What you should do:
With the pictures left out, set down the line containing "Visual Builder Studioを利用するために必要な情報を入力していきます。" and each line after it to the end of the material, exactly as written.

Supplied data:
*** Block opens ***

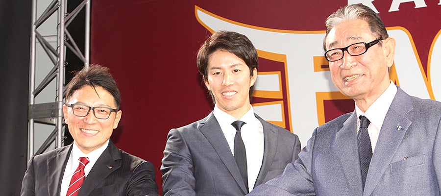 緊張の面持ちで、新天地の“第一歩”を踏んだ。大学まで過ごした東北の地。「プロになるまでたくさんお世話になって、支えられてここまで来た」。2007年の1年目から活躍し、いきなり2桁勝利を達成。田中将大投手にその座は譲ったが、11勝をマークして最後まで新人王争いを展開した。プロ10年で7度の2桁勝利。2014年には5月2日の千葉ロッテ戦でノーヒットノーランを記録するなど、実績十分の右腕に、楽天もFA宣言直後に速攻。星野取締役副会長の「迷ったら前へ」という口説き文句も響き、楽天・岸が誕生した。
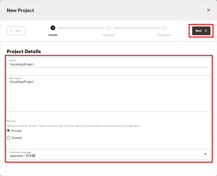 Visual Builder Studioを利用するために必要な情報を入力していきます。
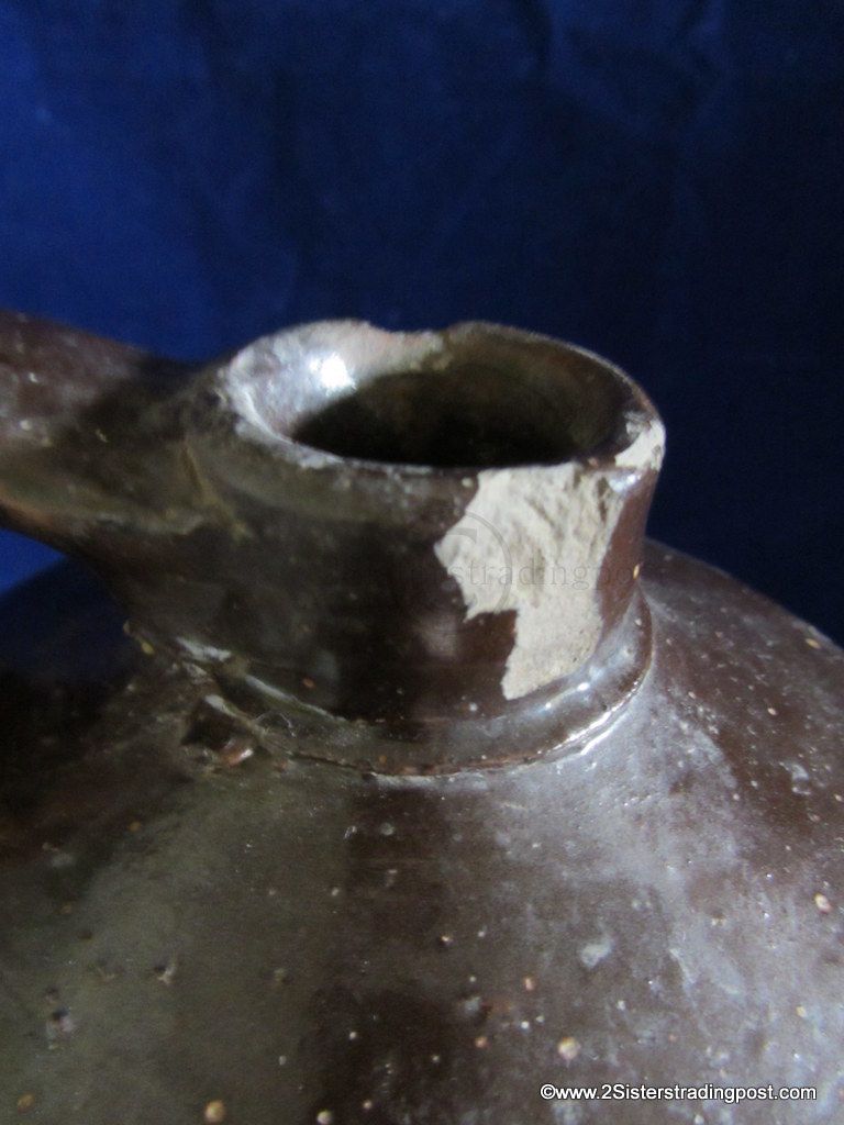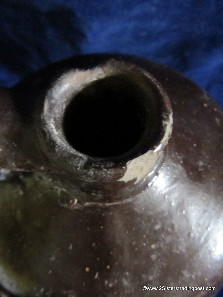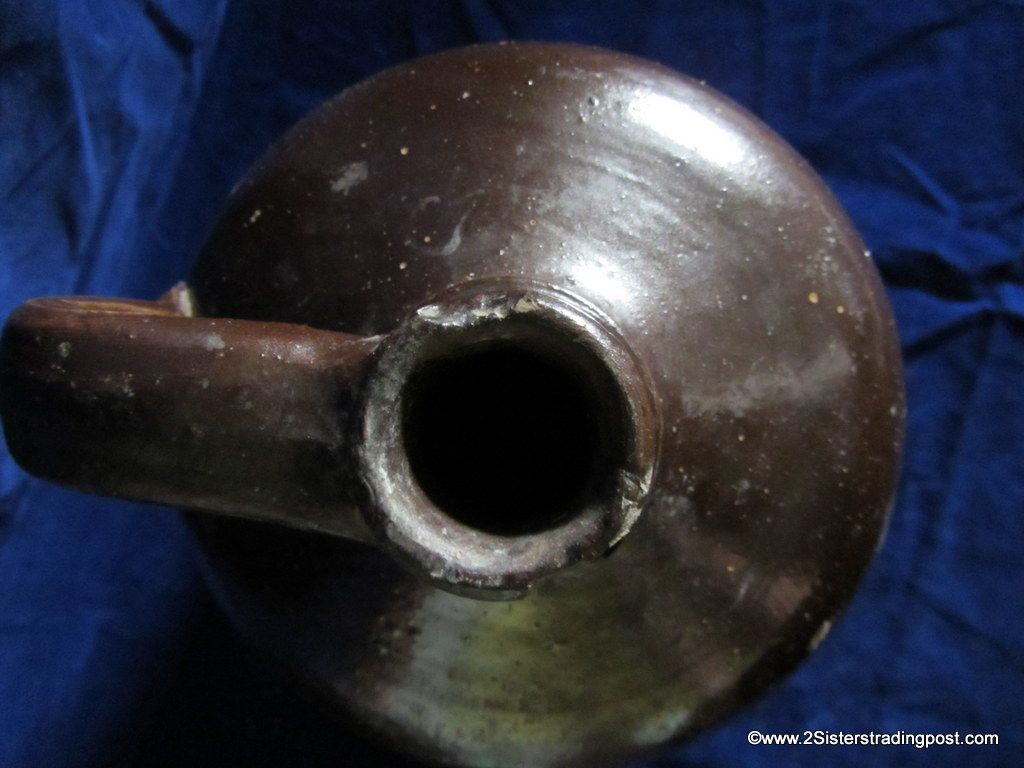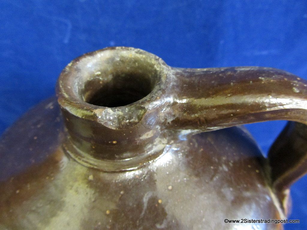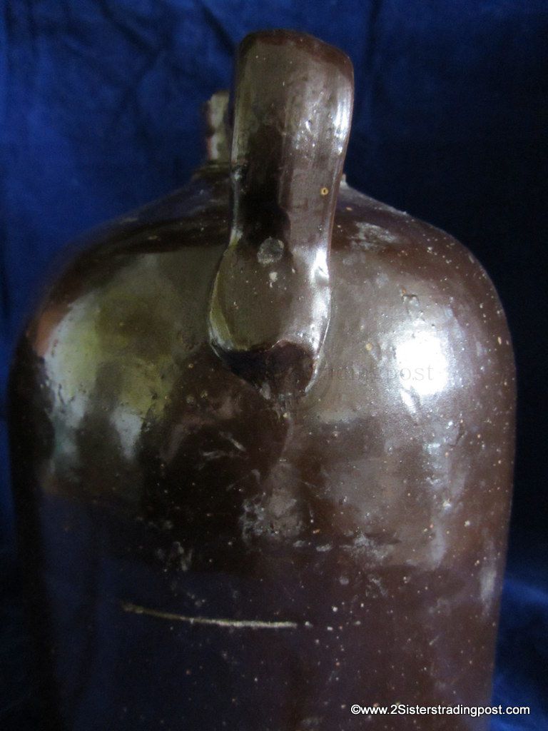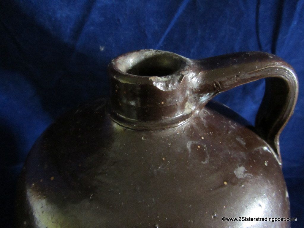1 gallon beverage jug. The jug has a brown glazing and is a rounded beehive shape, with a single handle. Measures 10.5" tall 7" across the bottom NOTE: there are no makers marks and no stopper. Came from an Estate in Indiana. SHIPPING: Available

*** Block closes ***

Solution for this task:
 Visual Builder Studioを利用するために必要な情報を入力していきます。
1 gallon beverage jug. The jug has a brown glazing and is a rounded beehive shape, with a single handle. Measures 10.5" tall 7" across the bottom NOTE: there are no makers marks and no stopper. Came from an Estate in Indiana. SHIPPING: Available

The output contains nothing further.